- Exercise details
Send back the line that contains "Bernardo Bellotto - paintings" and all lines following it through the end of the data below, exactly, omitting pictures.

(The data Opens)

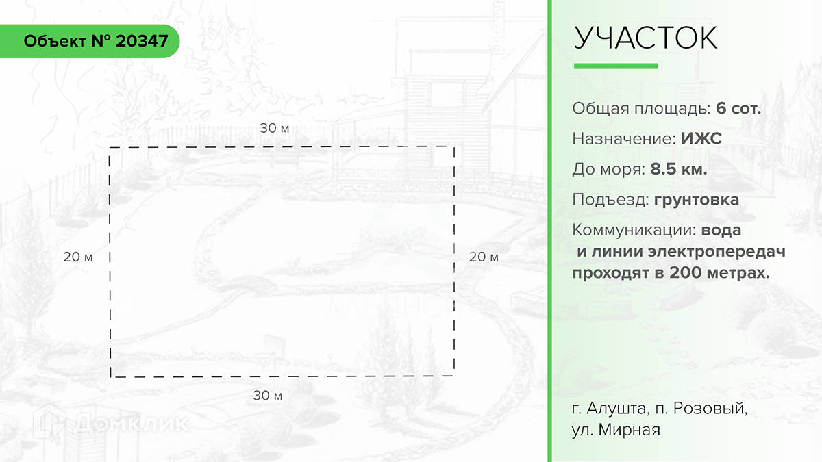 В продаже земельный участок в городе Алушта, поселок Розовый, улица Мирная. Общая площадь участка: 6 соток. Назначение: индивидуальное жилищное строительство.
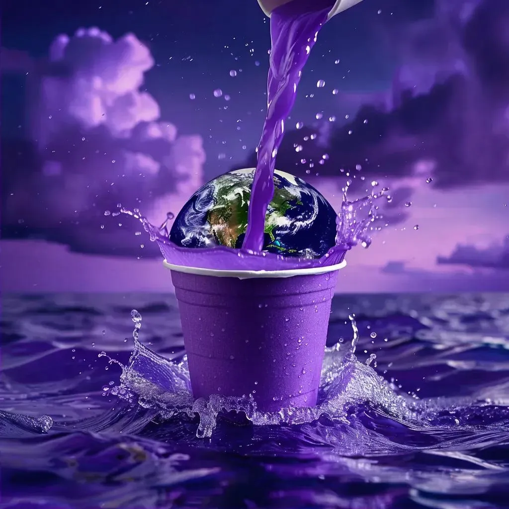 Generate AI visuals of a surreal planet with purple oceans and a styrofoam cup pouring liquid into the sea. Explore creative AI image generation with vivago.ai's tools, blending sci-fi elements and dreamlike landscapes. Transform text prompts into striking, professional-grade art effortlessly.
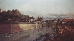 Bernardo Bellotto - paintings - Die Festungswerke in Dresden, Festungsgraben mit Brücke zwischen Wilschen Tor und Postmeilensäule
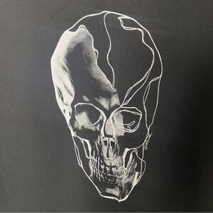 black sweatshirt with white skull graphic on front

(The data Closes)

- Written solution
 Bernardo Bellotto - paintings - Die Festungswerke in Dresden, Festungsgraben mit Brücke zwischen Wilschen Tor und Postmeilensäule
 black sweatshirt with white skull graphic on front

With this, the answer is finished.